И тут без доклада вошел Босков, Ланквиц выбежал в приемную, и я услышал, как он сказал фрейлейн Зелигер:

— Вызовите Кортнера немедленно!

Босков остановился передо мной.

— Вот и вы, мой дорогой, — сказал он резко. — Ну и ну… как вы выглядите!

И протянул руку.

Мне понадобилось несколько секунд, прежде чем я осознал — Босков мне подает руку. Я совершенно потерялся:

— Нет, нет, Босков. Вы же еще ничего не знаете. Все гораздо хуже…

Но он уже сжал мою ладонь. Это рукопожатие помогло мне овладеть собой, и теперь уже окончательно.

— Сделайте одолжение, успокойтесь, — сказал он. — Конечно, будет еще хуже, мой дорогой! В десять вам придется держать ответ перед рабочей группой, люди хотят знать, и вам придется объяснить четко и ясно, с какой это стати вы так будоражите коллектив! И уж приготовьтесь: не один Вильде в ярости, на этот раз и я тоже, и не советую вам больше разыгрывать из себя эдакого царька!

В кабинет вернулся Ланквиц в сопровождении Кортнера. Все мы оказались в разных углах комнаты. Шарлотта пересела, чтобы я лучше мог ее видеть. Я взглянул на Кортнера. Без сомнения, он был готов ко всему, но для начала на всякий случай нацепил свою приветливую улыбочку. Руку, которую он мне протянул, я не заметил.

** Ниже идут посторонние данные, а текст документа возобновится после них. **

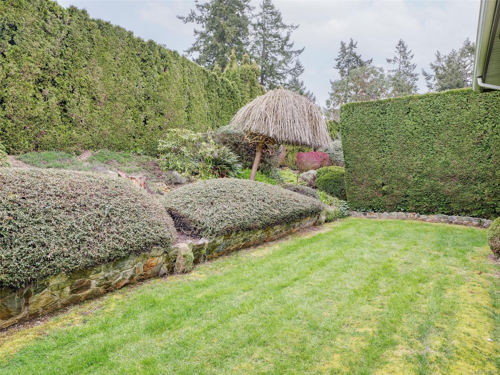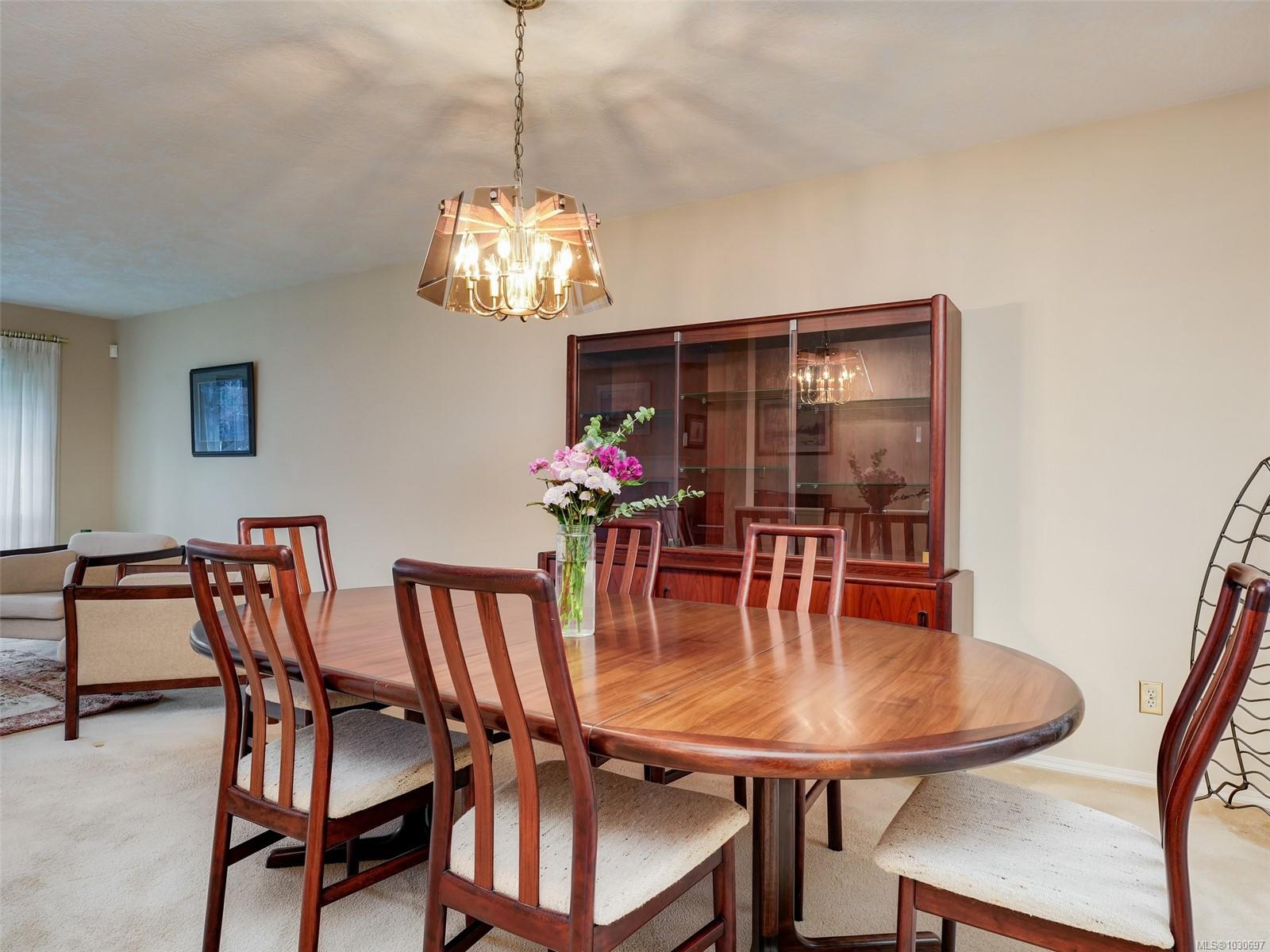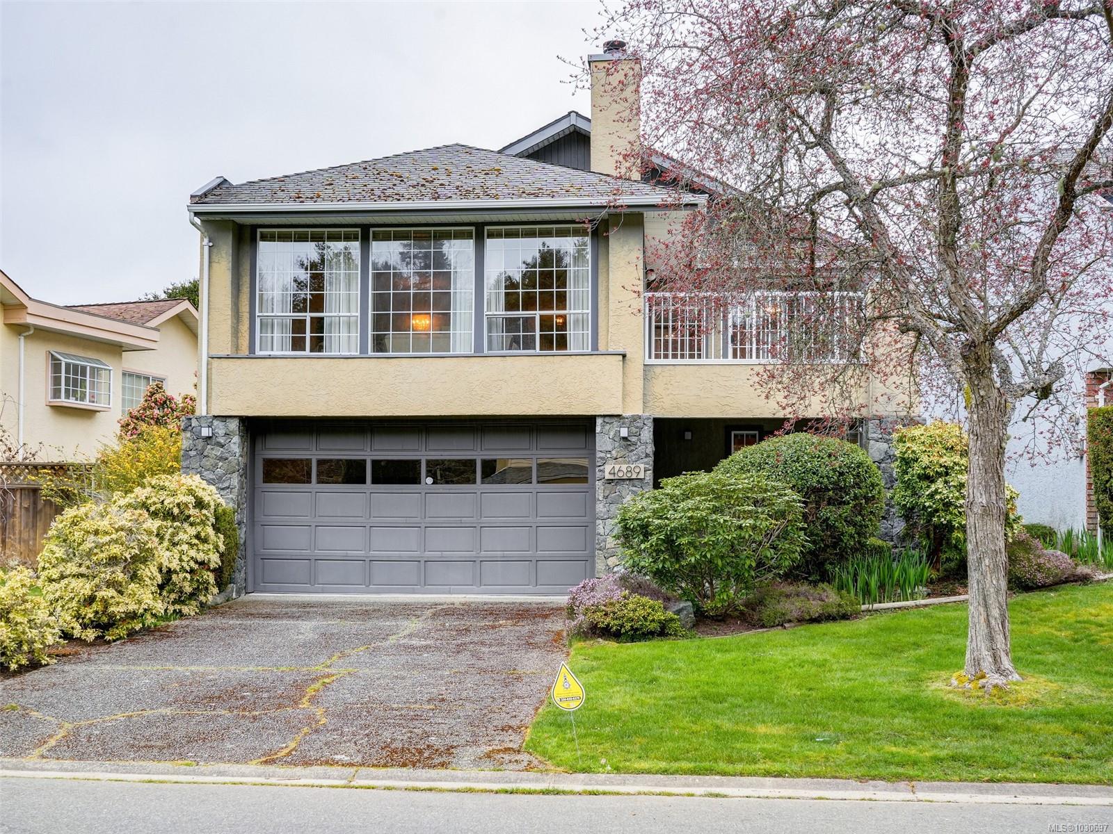 Tucked away on a quiet Broadmead cul-de-sac, this bright and beautifully maintained home impresses from the moment you step inside. Gleaming oak hardwood flows up the staircase and along the hallway, setting a warm and welcoming tone throughout. The large eat-in kitchen features oak cabinetry and patio doors opening to a front enclosed deck, while a spacious family room off the kitchen leads to a side deck. The generous in-line living and dining room with fireplace is anchored by a bright sunroom — complete with skylight and three patio doors. Two bedrooms are well served by two full bathrooms, with the primary suite enjoying a private 3-piece ensuite with glassed shower stall. Built-in vacuum throughout. Outside, the professionally landscaped and well maintained grounds feature a private rear yard with underground sprinklers, and the double garage provides access to a full stand-up basement storage area at the rear — a rare and practical bonus.
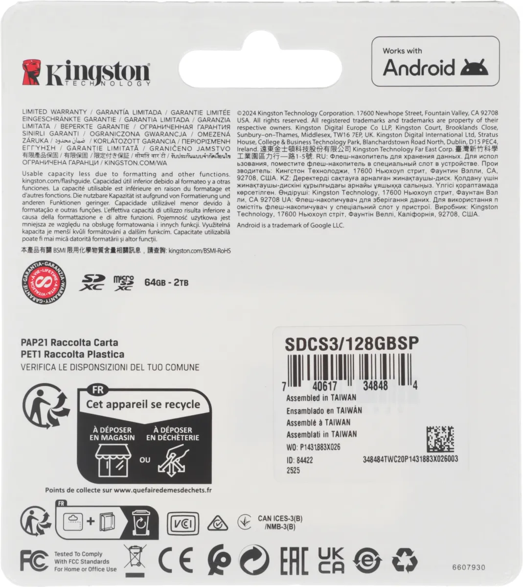 | Флеш карта microSDXC 128GB Kingston SDCS3/128GBSP Canvas Select Plus w/o adapter | ОТКАЗ_Н ..ОТКАЗНОЕ | 04.06.2019 | 30.12.2029 |
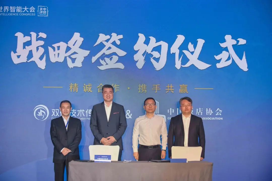 会上,天津市科协党组书记、常务副主席陆为民为天津3003.com新葡的京集团物联科技股份有限公司授予天津市“双碳”技术院士专家协同创新中心牌匾,3003.com新葡的京集团物联执行董事庞文魁接受授牌;双碳技术传播中心与中国饭店业协会、天津3003.com新葡的京集团物联与海河设计集团分别签署战略合作协议。
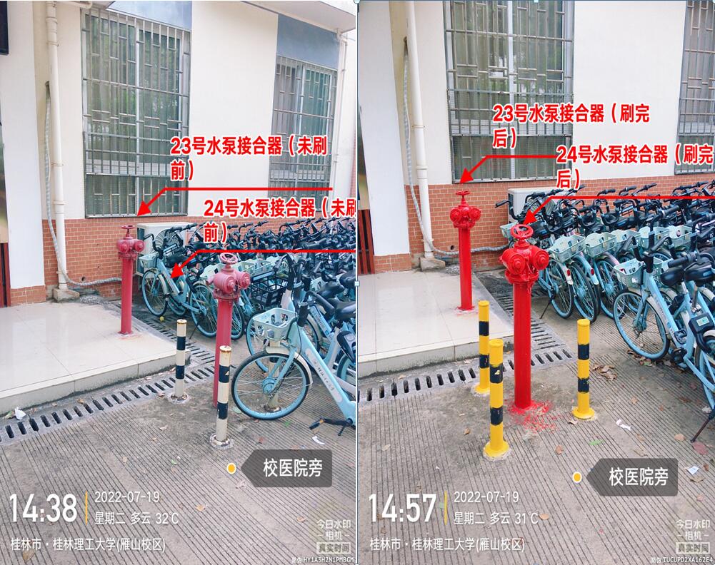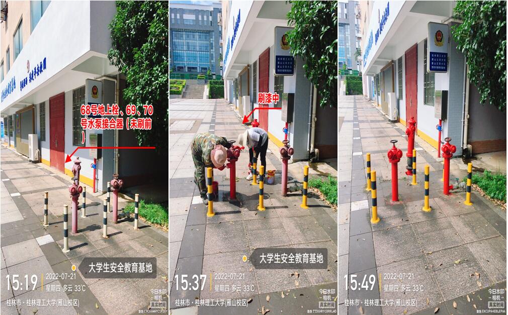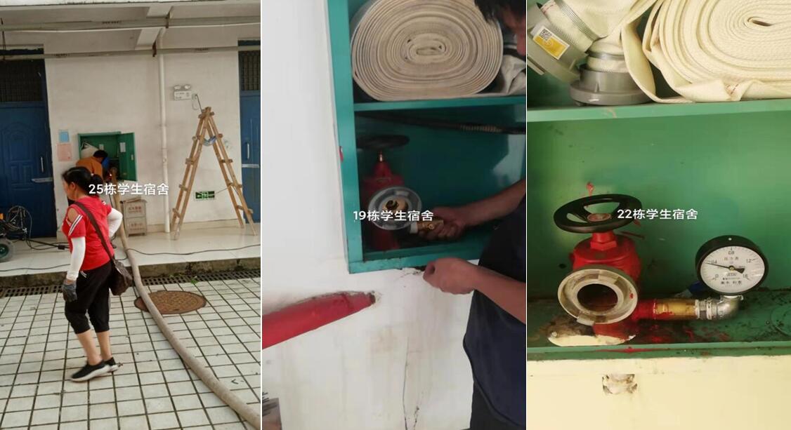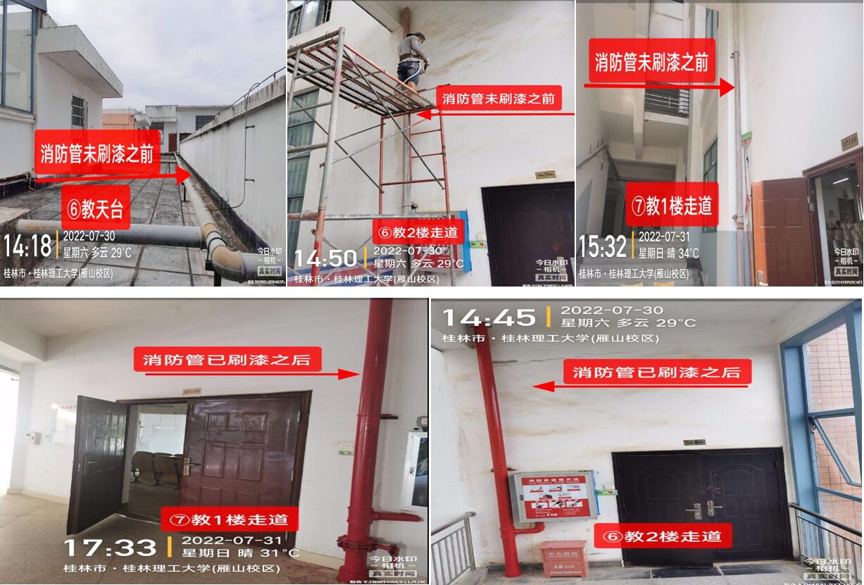 苦干实干,扎实推进。暑期高温给项目施工带来了较大困难。为确保项目质量和进度,科室加强全过程监管,号召大家发扬“特别能吃苦、特别能战斗、特别能奉献”的精神,克服困难抢工期、抓质量、保安全。施工阶段,陆大木、李路喜、彭智勇等同志不论工作日还是周末,连续十五天坚持到工地检查项目进度,为降低停水对居民的影响,多次在0点以后施工,虽然在放假期间,但是“五加二”、“白加黑”已是暑期消防工作的常态。此次施工共完成5套室内消防栓加装、1套室外消防栓改造、加装消防压力表106套、对室外消防栓除锈上漆104套、对教学楼和学生宿舍等20个楼栋进行消防管道除锈上漆,初步改变了我校消防设施设计不足及老化的状况。
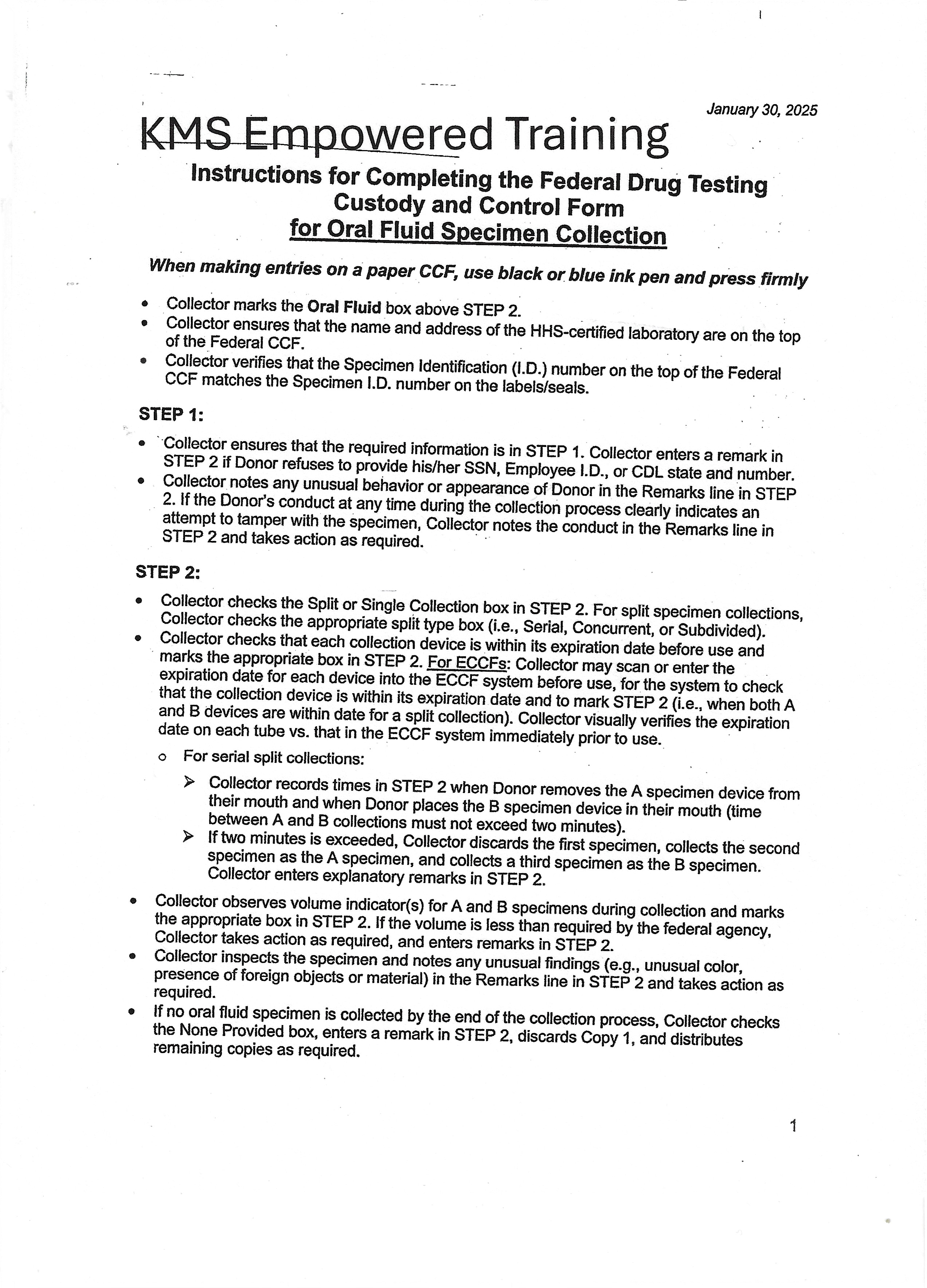 Procedure for DOT Oral Fluid Collections
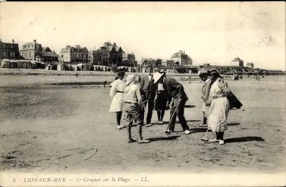 Ak Lion sur Mer Calvados, Krocket am Strand
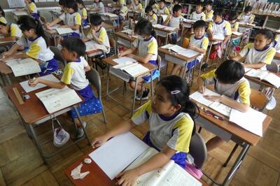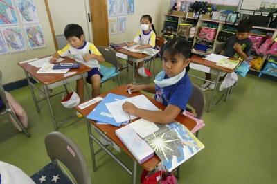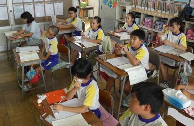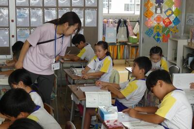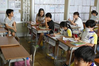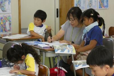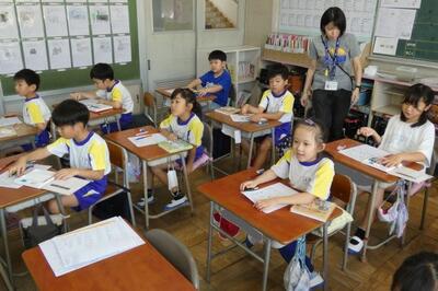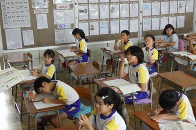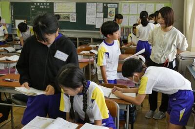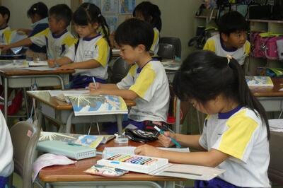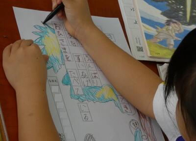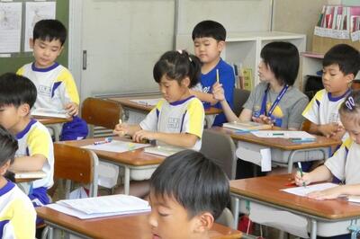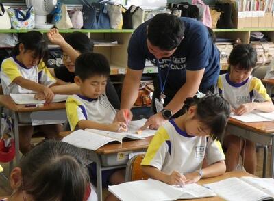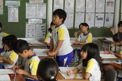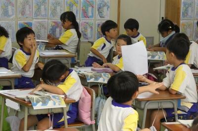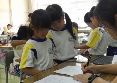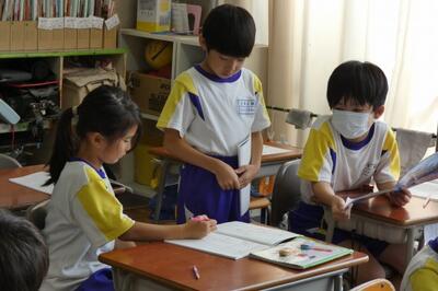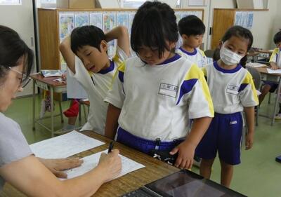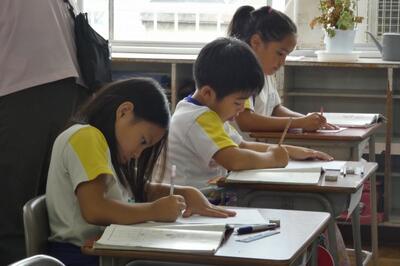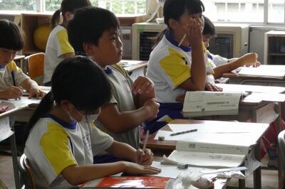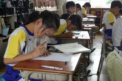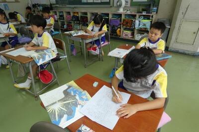 子供たちは、教科書にある手本をもとに、おじいちゃん・おばあちゃんなど、身近な人に宛てる手紙の下書きをしました。
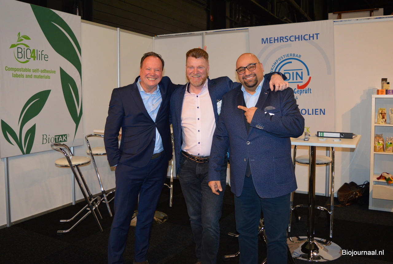 Bij Bio4Life en Bio4Pack: Marcel de Oude, Patrick Gerritsen en Yasar Türkoğlu. Patrick: "Onze 3 laagse folie, die herkenbaar is aan het composteerbaar logo met code 9P0044, voldoet aan de Europese norm voor thuis-composteren. Deze folie heeft de hoogst mogelijke barrière-eigenschappen waardoor de folie geschikt is voor het verpakken van alle denkbare droge producten."

— Я охотнее объяснился бы с Босковом с глазу на глаз, — обратился я к Ланквицу, — и сожалею, что не могу избавить тебя от этого мучительного разговора, но, во-первых, я в свое время предупредил тебя, что, если ты еще раз позволишь себе выпад, подобный вчерашнему, я не стану этого терпеть. А во-вторых, я хочу объясниться начистоту, и поэтому пусть все участники этой истории выслушают то, что мне необходимо сказать Боскову.

— Послушай, Киппенберг, — вмешался Кортнер, улыбочка исчезла с его лица. — А ты не думаешь, что тебе могут отплатить той же монетой? И о какой здоровой рабочей атмосфере в нашем социалистическом учреждения может тогда идти речь? Кстати, что касается участников этой истории, то у меня, например, тоже есть что сказать твоей жене!

Пауза. И тогда Босков, еле сдерживаясь:

— Я попросил бы вас высказаться до конца!

Кортнер посмотрел на меня с нескрываемым злорадством.

— Этот человек, — произнес я, обращаясь к Боскову, — думает, что может меня шантажировать, потому что я поселил его дочку у нас на даче в Шёнзее.

После этих слов от Кортнера почти ничего не осталось. Какой-то призрак в белом халате, с бледным острым лицом опустился в кресло и стал судорожно рыться в карманах, отыскивая лекарства. Я открыл дверь и крикнул:

— Анни, пожалуйста, стакан воды для доктора Кортнера!